*Supplied data*
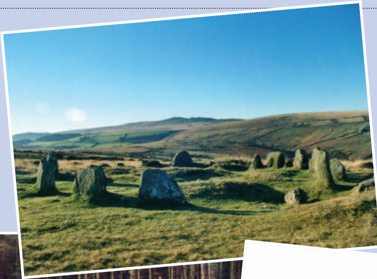
Belstone cairn Circle.
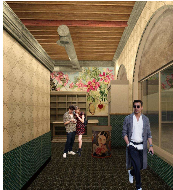
(E) PROPOSED RESTAURANT NOT TO SCALE
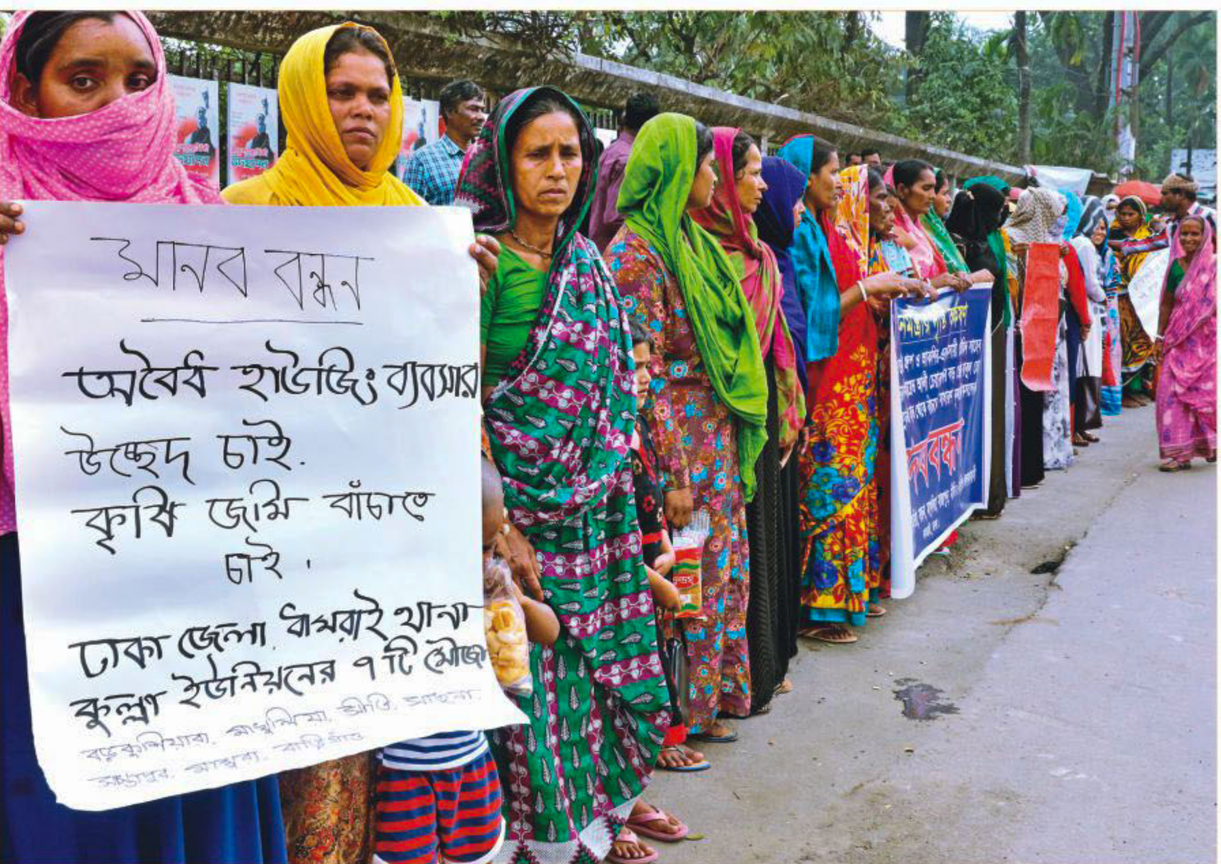
Residents from Kulla union of Dhaka's Dhamrai upazila form a human chain in front of Jatiya Press Club yesterday, demanding that arable land in the area be saved from illegal housing business.

Railway Nirapatta Bahini and police were present during the eviction drive.

*Your objective*
Repeat the material above exactly; any picture in it is left out.

*Result for this task*
Belstone cairn Circle.
(E) PROPOSED RESTAURANT NOT TO SCALE
Residents from Kulla union of Dhaka's Dhamrai upazila form a human chain in front of Jatiya Press Club yesterday, demanding that arable land in the area be saved from illegal housing business.

Railway Nirapatta Bahini and police were present during the eviction drive.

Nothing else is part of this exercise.